Using current methods, the construction of multilingual resources in FrameNet is an expensive and complex task. While crowdsourcing is a viable alternative, it is difficult to include non-native English speakers in such efforts as they often have difficulty with English-based FrameNet tools. In this work, we investigated cross-lingual issues in crowdsourcing approaches for multilingual FrameNets, specifically in the context of the newly constructed Korean FrameNet. To accomplish this, we evaluated the effectiveness of various crowdsourcing settings whereby certain types of information are provided to workers, such as English definitions in FrameNet or translated definitions. We then evaluated whether the crowdsourced results accurately captured the meaning of frames both cross-culturally and cross-linguistically, and found that by allowing the crowd workers to make intuitive choices, they achieved a quality comparable to that of trained FrameNet experts (F1 > 0.75). The outcomes of this work are now publicly available as a new release of Korean FrameNet 1.1.

pdf
Annotation Issues in Universal Dependencies for Korean and Japanese
Ji Yoon Han | Tae Hwan Oh | Lee Jin | Hansaem Kim
Proceedings of the Fourth Workshop on Universal Dependencies (UDW 2020)
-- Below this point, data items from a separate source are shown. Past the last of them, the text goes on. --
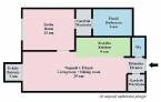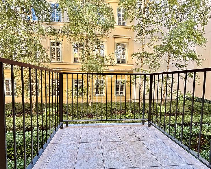 A 63 négyzetméteres, két szobás lakás tágas és világos terekkel várja új lakóját. Az amerikai konyhás nappali közvetlen kapcsolattal nyílik az erkélyre, amely a csendes belső udvar felé tekint. A szomszédos irodaházak délután négy óra után kiürülnek, így az otthon különösen bensőséges, zavartalan hangulatot nyer.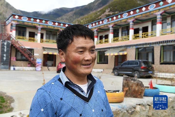 索松村村民拉巴在自家民宿前。 新華社記者 沈虹冰 攝
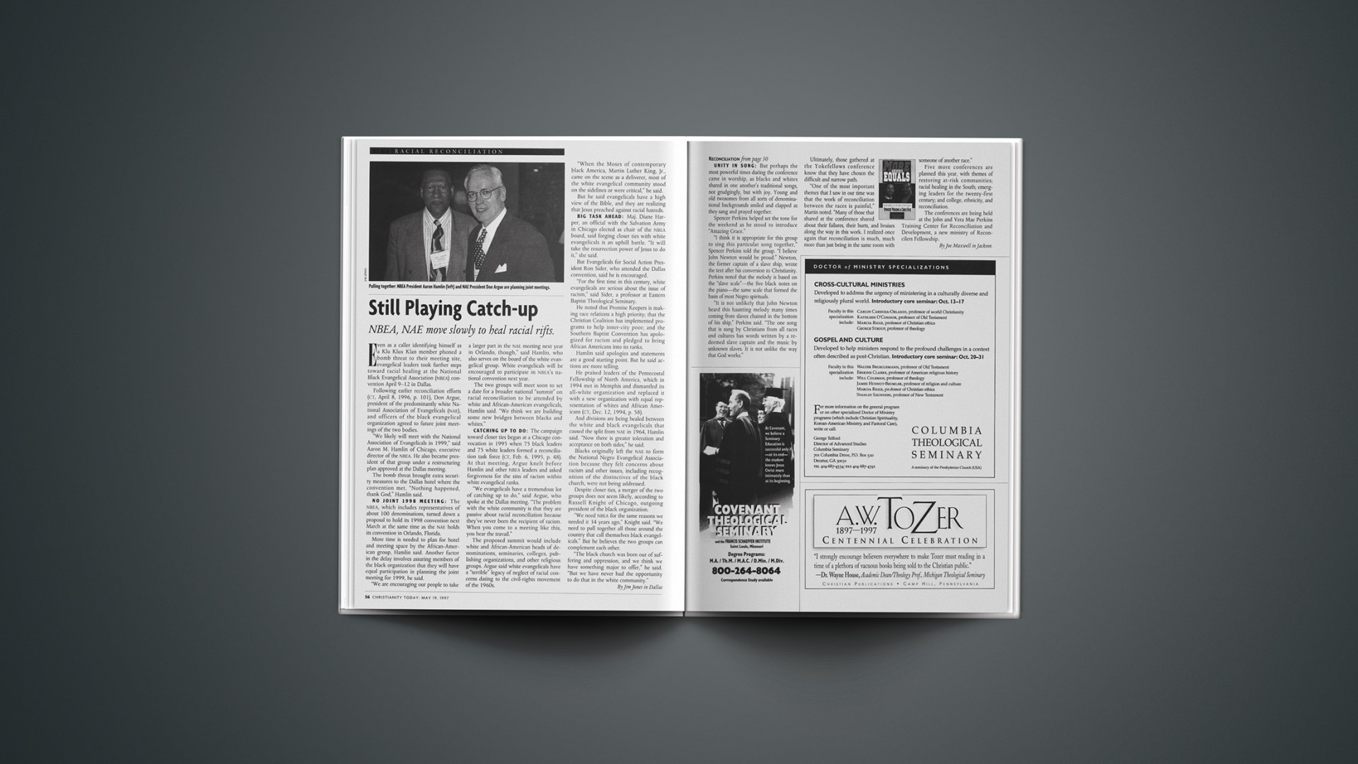 CATCHING UP TO DO: The campaign toward closer ties began at a Chicago convocation in 1995 when 75 black leaders and 75 white leaders formed a reconciliation task force (CT, Feb. 6, 1995, p. 48). At that meeting, Argue knelt before Hamlin and other NBEA leaders and asked forgiveness for the sins of racism within white evangelical ranks.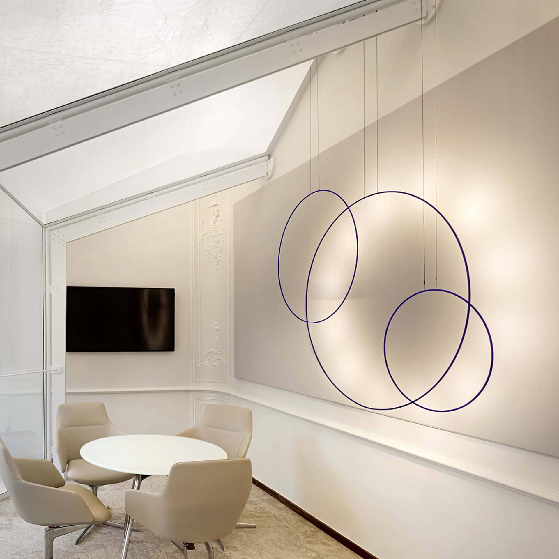 Modern circular chandelier with multiple rings and integrated lighting, enhancing contemporary livin.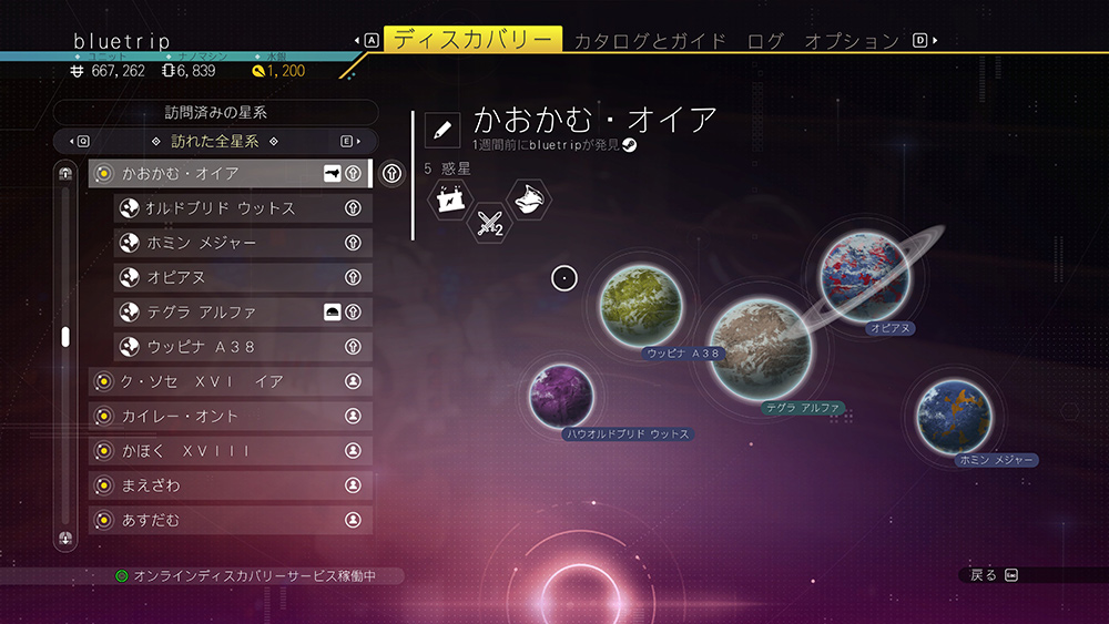 発見した惑星や星系の情報はクラウドで共有され、他のプレイヤーが同じ惑星に降り立つことも可能です。

To investigate issues that arise in the process of developing a Universal Dependency (UD) treebank for Korean and Japanese, we begin by addressing the typological characteristics of Korean and Japanese. Both Korean and Japanese are agglutinative and head-final languages. And the principle of word segmentation for both languages is different from English, which makes it difficult to apply UD guidelines. Following the typological characteristics of the two languages and the issue of UD application, we review the application of UPOS and DEPREL schemes to the two languages. The annotation principles for AUX, ADJ, DET, ADP and PART are discussed for the UPOS scheme, and the annotation principles for case, aux, iobj, and obl are discussed for the DEPREL scheme.